Goal of the exercise:
Restate the data below word for word. Skip any images it contains.

Segment Start: Source information

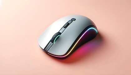 Blank gaming mouse mockup with glowing lights and modern shape on pastel color background, digital gaming accessory mockup
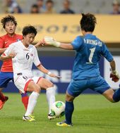 2013.07.21 19: 38한국-북한 지소연,'북한 수비 만만치 않네'
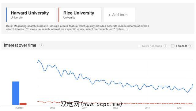 现在,如果您键入“大米"(例如莱斯大学)来衡量相对于哈佛大学的趋势,那么Google会自动预测莱斯大学,这样您就可以进行更公平的比较,而不必用类似于“大米"的任何东西扭曲结果了。
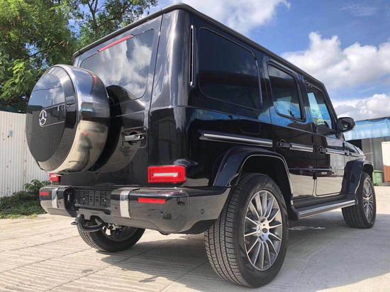 2019款奔驰G500延续了朴实无华的复古风格,在经典中穿插现代。但设计更为 突出的前保险杠、全新的侧后视镜和轮毂造型,让其显得更加动感和具备攻击性。增添时下流行的LED日间行车灯设计,而尾部基本无变化,保留了其一贯硬朗的设计风格。18款墨版奔驰G500不过外观并不低调,劳伦士为它带来了类似AMG版本的运动包围。前保险杠被分成了三个方形的进气口。轮圈则装上了和AMG款式相近的大五星款式,并采用黑色设计,加上整个黑色的车身,流露出霸气的气质,这套轮圈尺寸达到了22英寸,采用轻质合金打造,配上295/35 R 22的轮胎。
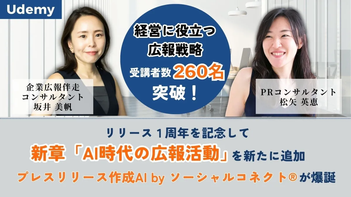 広報やPRの分野は最近、急速な技術革新によって変わりつつあります。特にAIの導入は、業務の効率化だけでなく、戦略の見直しにも影響を与えています。2026年4月、Udemyでは「経営に役立つ広報・PR戦略」講座が1周年を迎え、講座の内容がリニューアルされました。特に注目すべきは、新たに追加された「AI時代の広報活動」という章です。この章では、広報担当者がどのようにAIを活用して情報を設計し発信するべきかを体系的に解説しています。
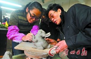 可愛活潑的兔寶寶、表情夸張的卡通兔、年味十足的迎春兔。昨日的佛山新石灣美陶廠儼然成了兔子的樂園,劉澤棉、霍家榮等大師級陶藝家創(chuàng)作的100余款兔年生肖陶瓷在此展出。到此參觀的市民,除了欣賞大師作品之外,還能動手制作屬于自己的紀念陶瓷品。20位屬兔的幸運市民也來到工作間,在陶藝大師的指導下,動手創(chuàng)作屬于自己的個性化石灣兔公仔。
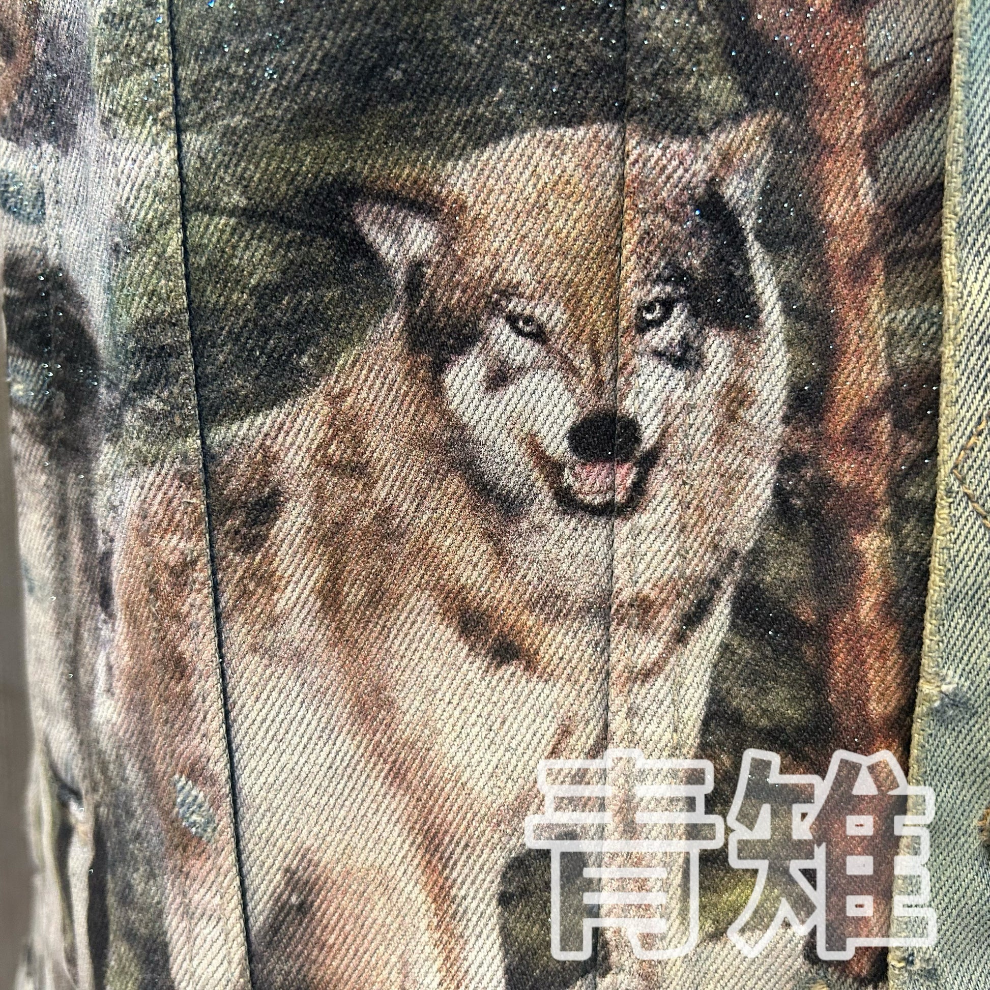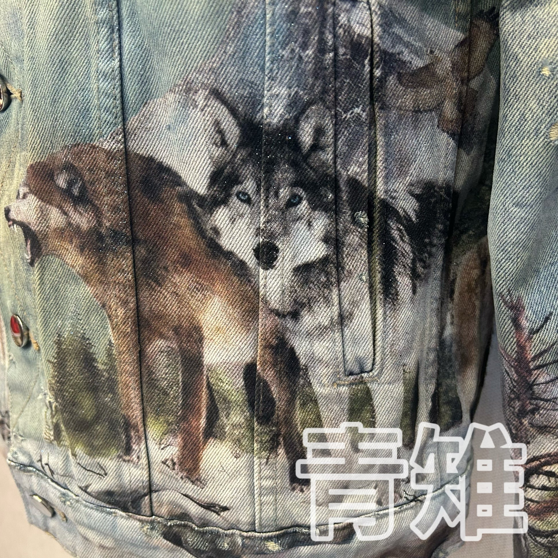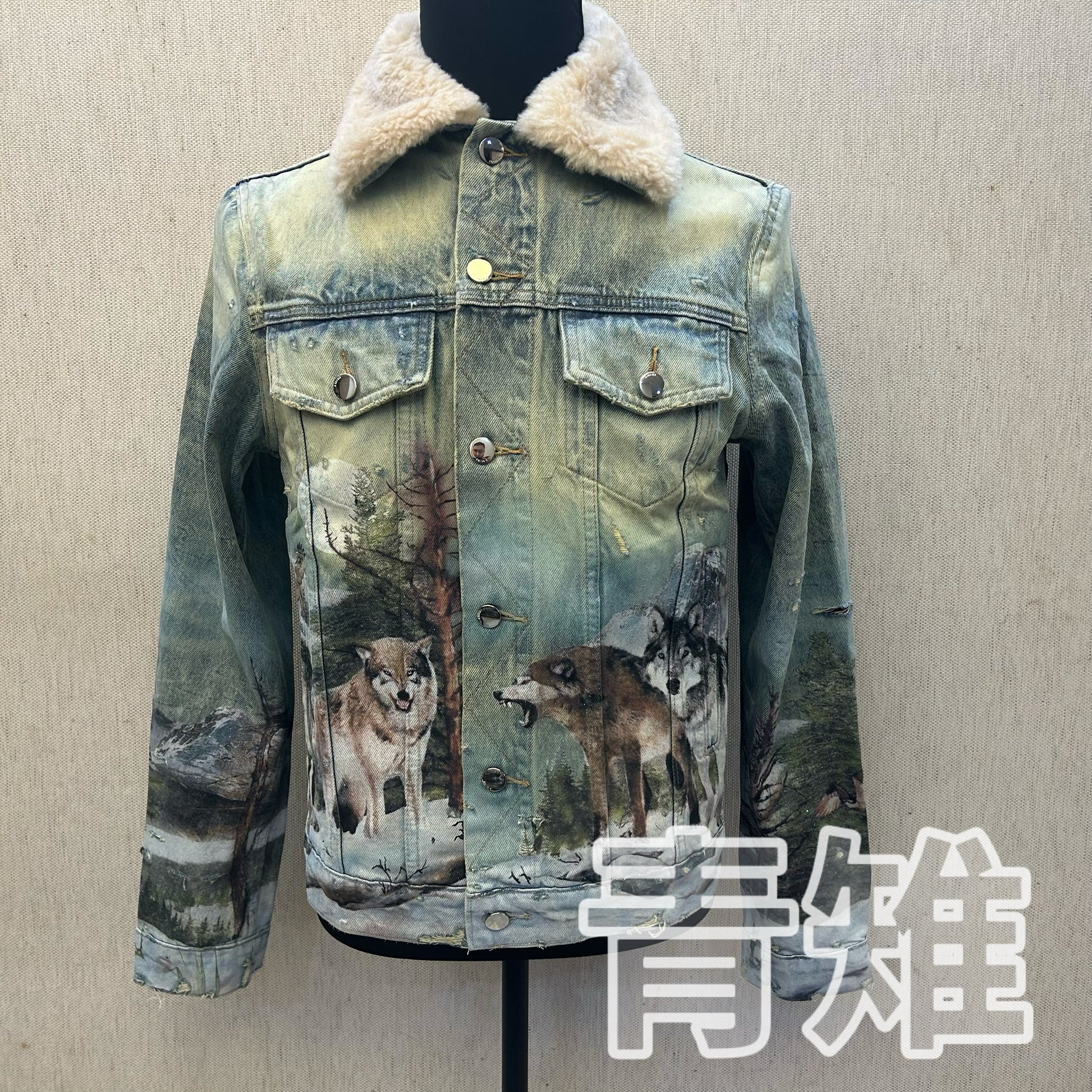 This Self-made AMIRI 18AW Snow Wolf Graffiti Jacket boasts a high-street style with a luxurious shearling collar and waxed finish. The striking snow wolf graffiti design adds a unique touch, making it a statement piece for any outfit. Expertly crafted with attention to detail, this jacket is both fashionable and functional.

Segment End: Source information

Output for this task:
 Blank gaming mouse mockup with glowing lights and modern shape on pastel color background, digital gaming accessory mockup
 2013.07.21 19: 38한국-북한 지소연,'북한 수비 만만치 않네'
 现在,如果您键入“大米"(例如莱斯大学)来衡量相对于哈佛大学的趋势,那么Google会自动预测莱斯大学,这样您就可以进行更公平的比较,而不必用类似于“大米"的任何东西扭曲结果了。
 2019款奔驰G500延续了朴实无华的复古风格,在经典中穿插现代。但设计更为 突出的前保险杠、全新的侧后视镜和轮毂造型,让其显得更加动感和具备攻击性。增添时下流行的LED日间行车灯设计,而尾部基本无变化,保留了其一贯硬朗的设计风格。18款墨版奔驰G500不过外观并不低调,劳伦士为它带来了类似AMG版本的运动包围。前保险杠被分成了三个方形的进气口。轮圈则装上了和AMG款式相近的大五星款式,并采用黑色设计,加上整个黑色的车身,流露出霸气的气质,这套轮圈尺寸达到了22英寸,采用轻质合金打造,配上295/35 R 22的轮胎。
 広報やPRの分野は最近、急速な技術革新によって変わりつつあります。特にAIの導入は、業務の効率化だけでなく、戦略の見直しにも影響を与えています。2026年4月、Udemyでは「経営に役立つ広報・PR戦略」講座が1周年を迎え、講座の内容がリニューアルされました。特に注目すべきは、新たに追加された「AI時代の広報活動」という章です。この章では、広報担当者がどのようにAIを活用して情報を設計し発信するべきかを体系的に解説しています。
 可愛活潑的兔寶寶、表情夸張的卡通兔、年味十足的迎春兔。昨日的佛山新石灣美陶廠儼然成了兔子的樂園,劉澤棉、霍家榮等大師級陶藝家創(chuàng)作的100余款兔年生肖陶瓷在此展出。到此參觀的市民,除了欣賞大師作品之外,還能動手制作屬于自己的紀念陶瓷品。20位屬兔的幸運市民也來到工作間,在陶藝大師的指導下,動手創(chuàng)作屬于自己的個性化石灣兔公仔。
 This Self-made AMIRI 18AW Snow Wolf Graffiti Jacket boasts a high-street style with a luxurious shearling collar and waxed finish. The striking snow wolf graffiti design adds a unique touch, making it a statement piece for any outfit. Expertly crafted with attention to detail, this jacket is both fashionable and functional.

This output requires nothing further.